Но при этой мысли у меня пересохло во рту. Прошло уже несколько месяцев, как я бродил в чащобах, огибая любые поселения по широкой дуге. Да, прошло несколько месяцев, но я по-прежнему боялся погони. Боялся, что, выйдя на сельский тракт, я непременно увижу на ближайшем столбе плакат с моей криво нарисованной физиономией и сумму вознаграждения…

- Что же все-таки ты натворил… Бенни? – спросил Коллум, заинтригованный рассказом узника.

- Я совершил ошибку, - ответил тот, глядя единственным глазом в грязный пол, - Мне казалось, я работал на своей земле, а оказалось, что зацепил широкую полосу от соседской. Соседа не было все лето, он уезжал в… ну, в другой город. А когда вернулся, заметил и подал на меня в суд, я уже успел собрать урожай и продать его. Мне грозил чудовищный штраф, а то и реальный срок за решеткой с конфискацией земель. Я испугался и удрал, забрав с собой все вырученные деньги.

- Это малодушие, сын мой, - назидательно произнес Коллум, - один из тяжелейших грехов.

- Я знаю, Отче, что грешен, - смиренно ответил узник, но вдруг добавил с неожиданным ядом в голосе, - В моей сумке, на дне, лежал увесистый сверток с кредитками и серебром, которые я в качестве откупных, берег для монастыря. Ведь давно минули те времена, когда святая церковь принимала страждущих под свою защиту безвозмездно…

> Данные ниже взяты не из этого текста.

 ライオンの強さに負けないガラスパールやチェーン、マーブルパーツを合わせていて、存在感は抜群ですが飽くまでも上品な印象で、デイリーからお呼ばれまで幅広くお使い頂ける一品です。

Настал черед Коллума смиренно потупить взгляд, а заключенный продолжил:

- Словом, Чудо, которому я оказался свидетелем, к тому времени, когда угли совершенно догорели, превратилось в страшное ярмо. Так и хотелось заорать: «Господи! Ты исцелил это дитя, а расхлебывать мне?!»

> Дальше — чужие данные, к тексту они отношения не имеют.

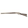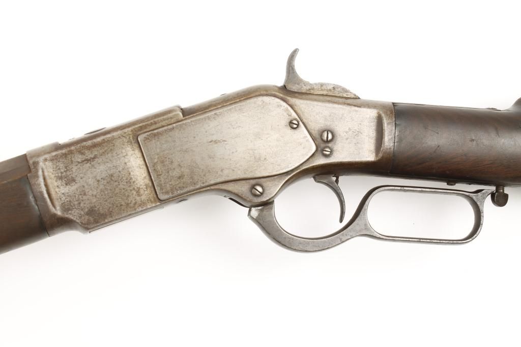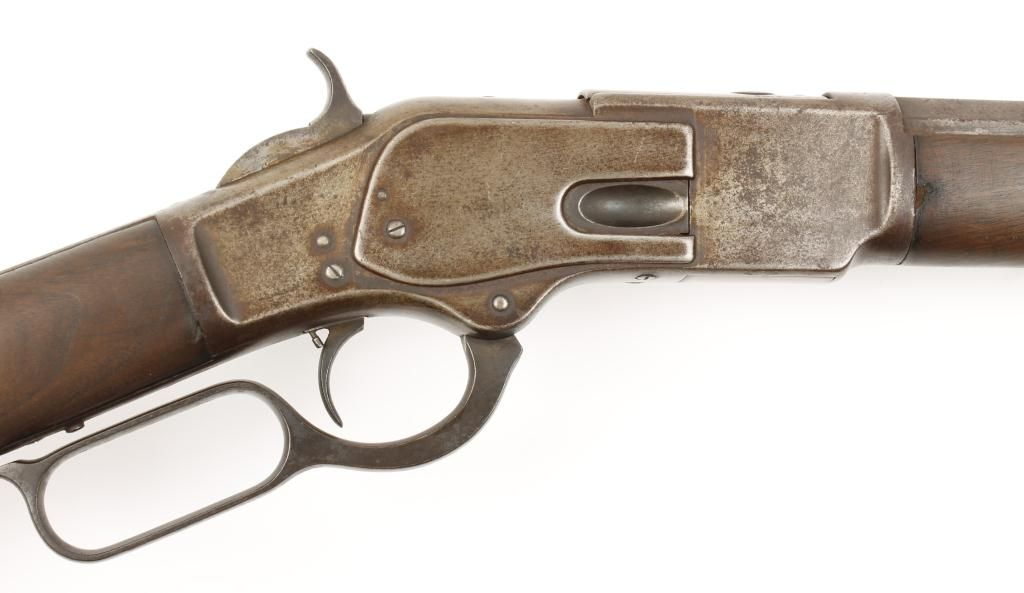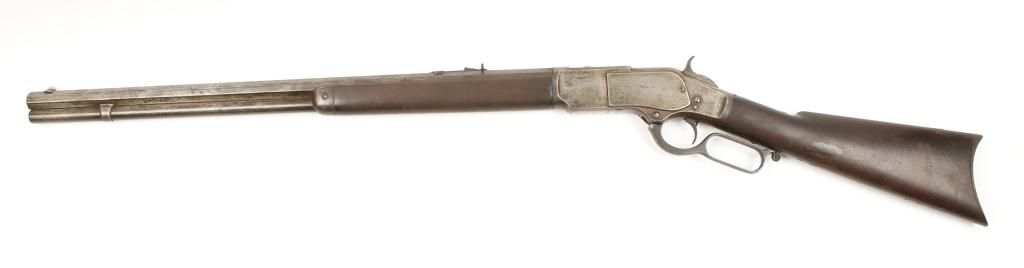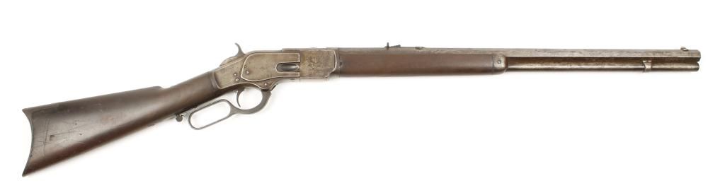Winchester Model 1873 1st model with desirable early raised thumb print dust cover in .44-40 caliber, 24” octagon barrel, full magazine, rifle butt, serial number 1256. This rifle shows a factory set trigger andpossibly was targeted as it is near the early 1 of 1000 serial number range. The metal surfaces show a brown patina finish with some faint traces of blue at the edges and where protected. The rifle shows scattered light to moderate erosion and pinprick pitting and the barrel address is visible but slightly light. The model marking on tang is also partially visible under the patina. The stocks are good and show some light cleaningwith steel wool but no sanding and some scratches, small chips, minor losses and normal use. The dust cover shows some wear to the checkering but is original and fits and matches patina well. The metal surfaces showa coating of dried oil and the action works well and the bore is fair. The sights are in their correct position and it would be difficult to find an earlier 1873 also it would be interesting to write for a letter as

Несколько дней мы не двигались с места. И даже немного обжились. Я построил для Аники нечто, напоминающее собачью будку и сплошь выложил ее травой и еловыми лапами. Там она и отлеживалась. А я приносил ей то, что умудрялся добыть в лесу и местной речушке. Не смотря на скудный рацион из мелкой рыбешки и костлявых зайцев, девочка полным ходом шла на поправку. К концу третьего дня она уже сама могла отойти по нужде и перестала просить меня снести её в густые заросли. Но я знал, что девочке для полного выздоровления необходима хорошая еда и молоко. Кроме того, ей нужна была какая-то одежда, крепкая обувь и… кусок мыла. В своей замурзанной, залитой гноем и бог весть еще чем, рубашонке, с босыми ногами, на которых так же, как на руках, топорщились нестриженные, обломанные ногти, с сальными волосами она напоминала оживший труп.

Поэтому все это время я морально готовился выйти все же к людям, и на рассвете четвертого дня мы оказались на опушке леса. Вниз с холма меж зеленеющих пашен и садов бежала приветливая дорога. А вдалеке, в низине, расположилась большая деревня.

Я невольно тянул носом воздух, и, хотя на таком расстоянии это было невозможно, мне показалось, что до меня доносится уже успевший позабыться дух человеческого жилища – дымки каминных труб, выбивающий слюну густой запах копченого окорока, острый запашок коровьего помёта и невероятный сладкий аромат цветущих яблочных садов.

Я покосился на Анику, надеясь и в её лице найти какой-то отклик на открывшуюся перед нами мирную картину. Я был уверен, что привезли ее именно оттуда, и вид родной деревни непременно в ней отзовется. Но взгляд ее был тусклым и угрюмым. Она даже отошла под густую древесную сень, словно желая спрятаться, и я в очередной раз убедился, что ничего хорошего в этом селении девочку не ждет.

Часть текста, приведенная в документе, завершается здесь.